Мне, наверное, тоже свойственно чувство зависти, как вообще каждому человеку, тем более актеру. Когда говорят: «Нет, я не завидую», — я не верю, не верю. Да врут они все! А я вот завидую. (Хотя и отрицала это не раз, даже на страницах этой книги!) Завидую таланту, голосу, характеру или просто какому-то стечению обстоятельств.

Я завидую, конечно, далеко не всем. Никогда не завидовала Раневской, Кате Савиновой. Их талант был так самобытен, так естествен, как естественны земля, небо, горы. Никому не придет в голову ревновать, скажем, к утесу, скале, кусту роз. Один мой знакомый любит рассказывать такой анекдот.

— Представляешь, — говорит одна актриса другой, — мне приснилось, что я умерла и Бог не пускает меня в рай.

— Почему, Господи? — спрашиваю я его.

— Ты актриса, ваше место в аду, — говорит Господь.

И вдруг вижу, что ты-то в раю.
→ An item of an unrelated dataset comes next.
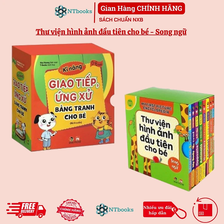 Sách - Combo Bộ hộp thư viện hình ảnh đầu tiên cho bé từ 0 - 6 tuổi song ngữ và Kỹ năng giao tiếp ứng xử bằng tranh

Спрашиваю:

— А почему она здесь, она ведь тоже актриса?

— Она?! Да какая она актриса! — восклицает Господь.

Смешно, но все это правда. Мы готовы в аду гореть.
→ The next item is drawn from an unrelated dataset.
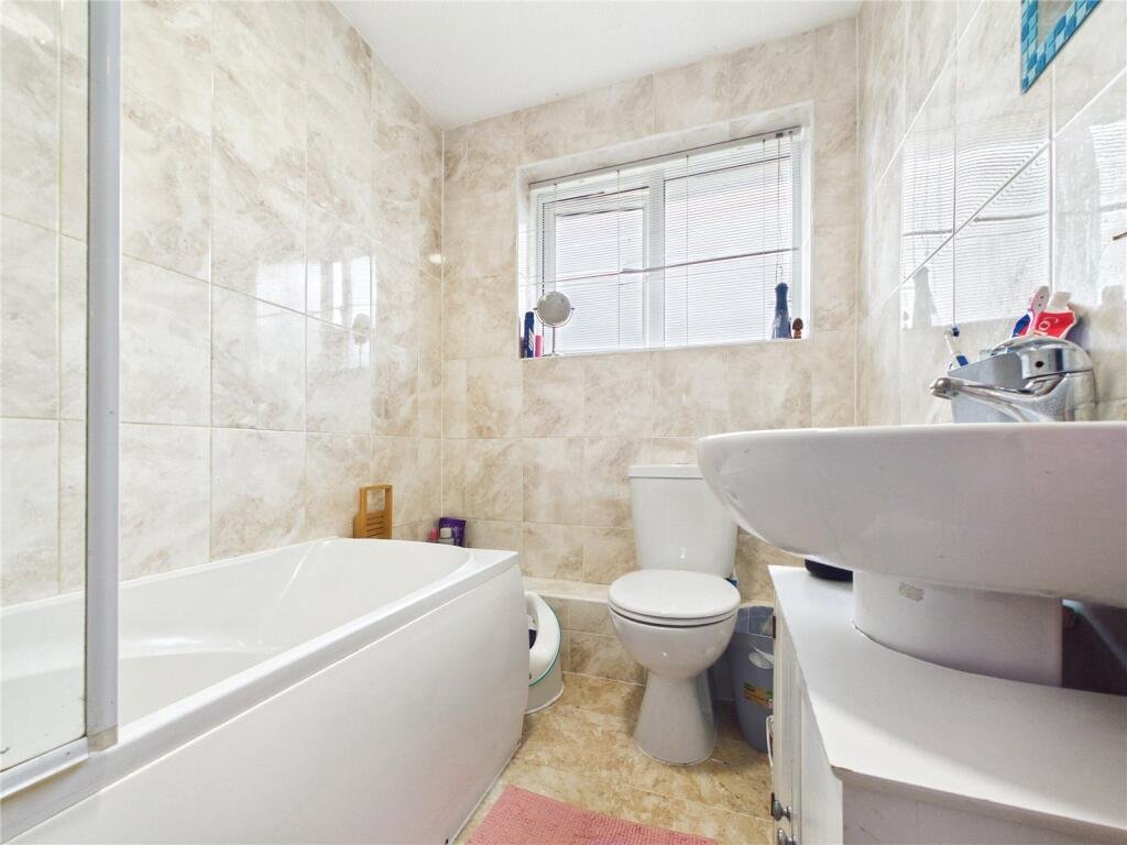 On the first floor there are three bedrooms. Two of which are double size and the third being a small single or ideal study. Accommodation concludes with a modern bathroom suite which is fully tiled and includes panelled bath with shower above, wc and hand wash basin.

лишь бы нас актерами признали. Актерами!.. Вот в этом все дело. Когда я вижу, что весьма популярная актриса очевидно (для меня, по крайней мере, да и других профессионалов) плохо играет — повторяет когда-то найденные, давно ставшие штампом приемы, откровенно любуется собой, словно глядя в невидимое зеркало, разрушая тем самым правду образа, характера, и при этом имеет именно в этой столь примитивно сыгранной роли успех, — я не могу не досадовать. Кто-то скажет «завидовать», может, и так, но нет, скорей примириться с несправедливостью! Я же вижу, какая это замечательная роль! Не знаю, почему публика ее полюбила. Может, сюжет захватил, может, жанр мелодрамы (тогда еще редкий), не требующий особой глубины исполнения (хотя все великие актрисы блистали именно в мелодрамах), но факт остается фактом. Ей досталась слава, которой она не заслужила. Впрочем, я и сама самый оглушительный успех имела в «Моей любви», хотя до сих пор считаю, что ничего выдающегося в этой роли не создала. Так, попала в точку.
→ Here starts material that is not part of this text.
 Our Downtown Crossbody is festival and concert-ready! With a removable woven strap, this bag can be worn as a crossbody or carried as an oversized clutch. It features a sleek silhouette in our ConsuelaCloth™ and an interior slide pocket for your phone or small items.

Талантливый человек проявляется не только в творчестве, но и в том, как он строит отношения с людьми, со зрителями, с окружающей средой, в восприятии всего этого. Мне иногда не хватает знаний, но у меня богатая интуиция и воображение. Я много размышляю, анализирую. Я умею слушать — это тоже талант.

Меня окружали такие интересные люди: Шостакович, Эрмлер, Эйзенштейн, Вильямс, Дунаевский, Калатозов, Войнович и многие, многие другие. Я все впитывала как губка, я слушала настоящую музыку.

Я всегда думала, что, когда повзрослею, приобрету жизненный и творческий опыт, мне будет легче. Случилось все наоборот. У меня появилась неудовлетворенность, повышенная требовательность к себе и к окружающим.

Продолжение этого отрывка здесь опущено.